Note these by making a list of packages left to be installed, and install those from GitHub with remotes::install_github("username/packagename). As one example, you can install the development version of the {medicaldata} package from github with remotes::install_github("higgi13425/medicaldata). Note that the stable version is available on the CRAN repository.

You may have similar issues with packages installed from BioConductor, which requires you to use BiocManager::install("packagename").

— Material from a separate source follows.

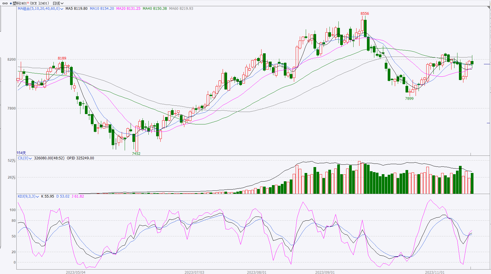 本周塑料主力先跌后涨, MACD指标红柱转绿柱后再转红柱,KDJ指标形成金叉后涨势放缓,多平较多。塑料主力重回观望心态, MACD和KDJ指标提示塑料上方压力较大,上方压力位暂看8250,而周K线下影线较长,下周或有小幅回调预期,塑料主力也已经向05陆续移仓,所以预计L01高位宽幅调整,仅供参考。

Once you have completely installed your packages, check your work by running installed.packages() again. You should see a full list of your packages, and you are updated and ready to go!

16.5 Updating Packages

If all of your current important projects are protected with an {renv} snapshot, this is probably a good time to update your tools (packages).

You can do this easily within RStudio with the menu commands Tools/Check for Package Updates. Select All, and let the updates begin. You will usually want to compile the newest version from source code, rather than a recent version from binaries.

If you have problems with updating packages, check the troubleshooting guide at Chapter 12.1.2, Problems with Installing Packages.